PCR Master Mix Calculator

Scale reagent volumes for any number of PCR reactions

Scale per-reaction PCR component volumes to any number of reactions with a pipetting overage factor, auto-fill nuclease-free water to the reaction total, and keep per-tube reagents like template DNA separate. For molecular biology and diagnostic labs. It runs free in your browser on Gera Tools, with nothing uploaded.

Last updated Source: Gera Tools

What is a PCR master mix?

A master mix is a single pooled batch of the reagents shared by every reaction, such as polymerase mix, primers, and water. Aliquoting one mix into each tube cuts pipetting steps, improves consistency, and reduces well-to-well variation.

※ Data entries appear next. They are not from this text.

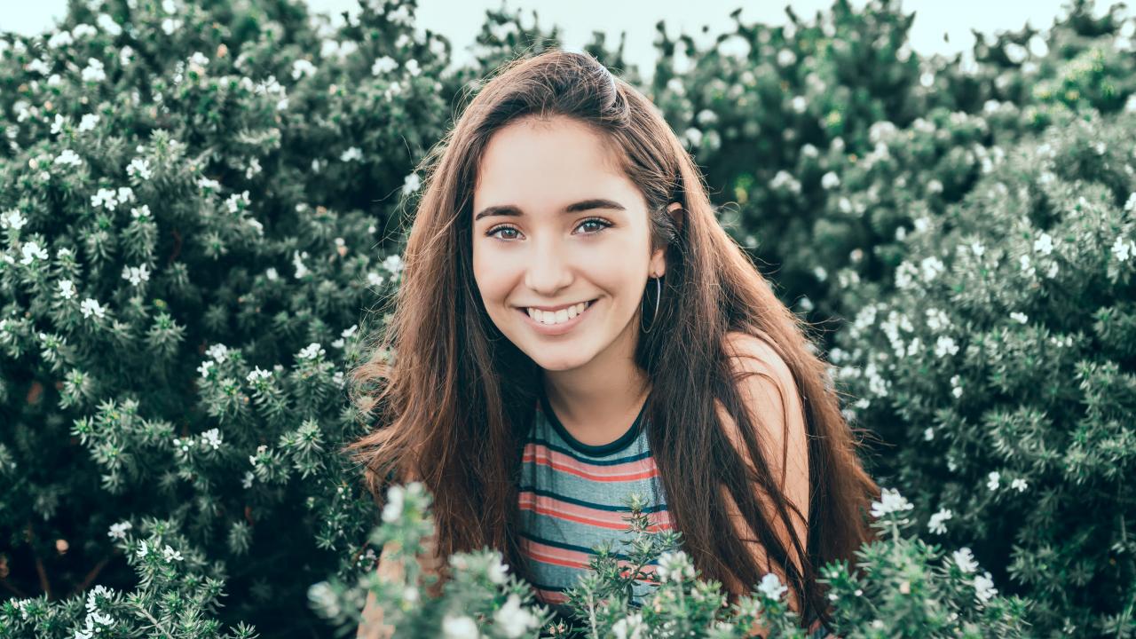 Обои Улыбающаяся девушка сидит в зеленых зарослях
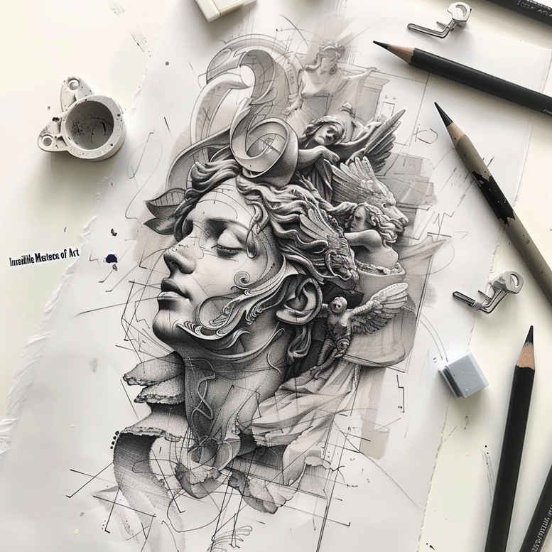 AI-generated tattoo project concept presented as a refined pencil study, this piece captures a poised portrait framed by a floral crown rendered in soft, precise lines. Executed in black and grey, the design leans toward a fine-line tattoo aesthetic, with delicate cross-hatching and subtle gradient shading that build form without overpowering the line work. The portrait sits as the central focal point, its profile expressed through careful contouring of the brow, nose, and lips, while the floral crown introduces organic movement that guides the eye around the composition. Leaves and petals unfurl around the head, adding texture and natural symbolism: growth, renewal, and beauty intertwined with identity. The technique emphasizes light-to-dark value shifts to convey depth on skin—an ideal approach for tattoo designers seeking longevity of line precision when inked as a small tattoo or a larger piece. The study also offers versatility for placement on shoulder, back, or forearm, functioning as a standalone portrait or as a component of a broader body art concept. For those exploring meaningful tattoos, this concept fuses portraiture with botanical symbolism, presenting a refined platform for a custom tattoo design that can be tailored to fit different skin tones, placements, and narratives. While this is an AI-generated tattoo project concept, it remains grounded in practical application: the composition invites collaboration with a tattoo artist to translate the pencil study into durable ink, balancing line work with shading, texture, and negative space. In its clean black and grey palette, the piece aligns with realistic tattoo traditions while offering a contemporary fine-line interpretation that suits both small tattoos and larger canvases, making it a versatile reference for ink and design exploration in tattoo studios and magazines. The floral crown’s flowing lines recall Japanese-style tattoo linework, while the restrained shading supports a realistic impression that translates well to a black and grey palette for a lifelike portrait. Artists can evolve this concept into an infinity tattoo motif by weaving subtle vines, or pair it with a rose tattoo design to express memory and growth. The composition also works as a daily reminder for meaningful tattoos, adaptable for small canvases or expansive back pieces. In short, this AI-generated tattoo project concept demonstrates how digital ideation can inform traditional ink, inviting collaboration with an artist to tailor placement, scale, and narrative while preserving the integrity of time-tested techniques like fine-line precision and botanical symbolism.
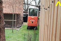 Und wir haben den Bagger aus seinem Winterquartier geholt, weil es demnächst im Garten mit dem Zaun weitergehen soll.
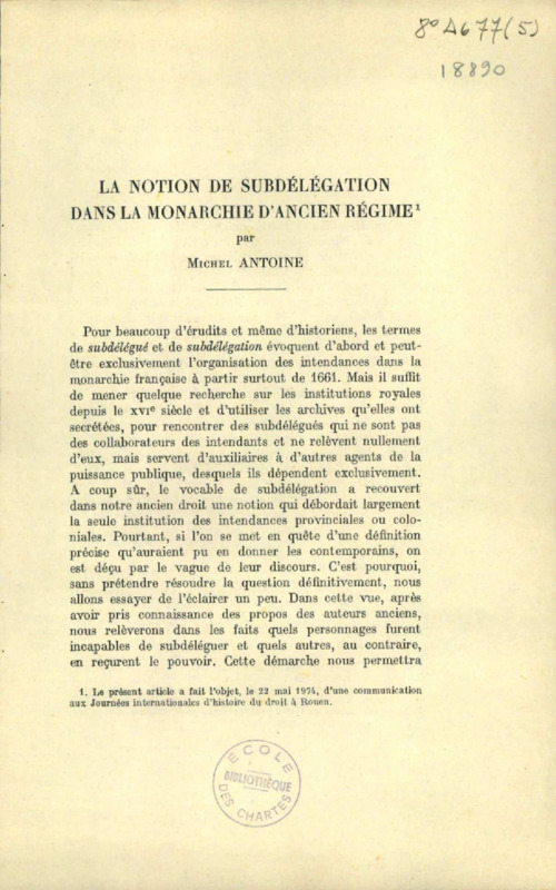La notion de subdélégation dans la monarchie d'Ancien Régime

Setting up dozens of identical PCR reactions by hand invites arithmetic slips. This calculator scales each reagent from a per-reaction recipe to any number of reactions, adds a pipetting overage, and fills water to the reaction total — while keeping per-tube reagents like template DNA out of the shared mix.

How it works

The mix is scaled to slightly more than the reactions you need, then water back-fills the per-reaction total:

effective reactions = reactions × (1 + overage% / 100)
component mix volume = per-reaction volume × effective reactions
water per reaction   = total reaction volume − sum of component volumes

Components ticked as in-mix are pooled and multiplied by the effective reaction count; per-tube components (template DNA) are listed for reference but excluded from the pooled volume, since they are pipetted into each tube individually.

Tips and example

For 10 reactions at a 10 percent overage the mix is made for 11 effective reactions. With a 25 µL reaction holding 12.5 µL of 2x mix, 1 µL each primer, and 2 µL of per-tube template, water fills the remaining 8.5 µL. Always vortex and briefly spin the master mix before aliquoting so the enzyme and salts are evenly distributed across every tube.

Why overage matters more than it seems

A 5–10% pipetting overage is not just for convenience — it is a reproducibility safeguard. The last aliquot from a tube is statistically more variable than earlier ones: surface tension, residual droplets, and foam make the final few microliters the least accurate. By making more mix than you need, you aliquot only from the “reliable” middle volume of the pooled master mix. For quantitative PCR (qPCR), where even small volume errors distort Cq values, a 10–15% overage is standard practice.

Separating master-mix components from per-tube additions

The design principle behind a master mix is to minimize the total number of pipetting steps while maximizing consistency. Every component that is the same across all reactions belongs in the shared pool. Components that vary — template DNA quantity, different primer concentrations per sample, or a positive-control target — belong in each individual tube.

A common error is adding template to the master mix. This creates template contamination risk for the entire batch, because a pipetting slip during master mix preparation can deposit template into every tube, producing false positives across the plate. Keep template strictly per-tube and never bring it near the master mix during preparation.

Negative controls and their volumes

A complete experiment includes at least one no-template control (NTC) — a reaction that receives water instead of template DNA. Enter the NTC as one of your reaction count and mark template as a per-tube component; the NTC tube simply receives water in place of template. The calculator’s total reaction count should include any controls, so the master mix volume covers them.

Reading the output

The calculator outputs two key figures: the total master mix volume to prepare in your pooled tube, and the per-reaction breakdown showing how much of each component goes into each well. For per-tube additions like template, the per-tube volume is shown separately. Print or copy this output before you start pipetting to eliminate the need to re-derive volumes mid-experiment.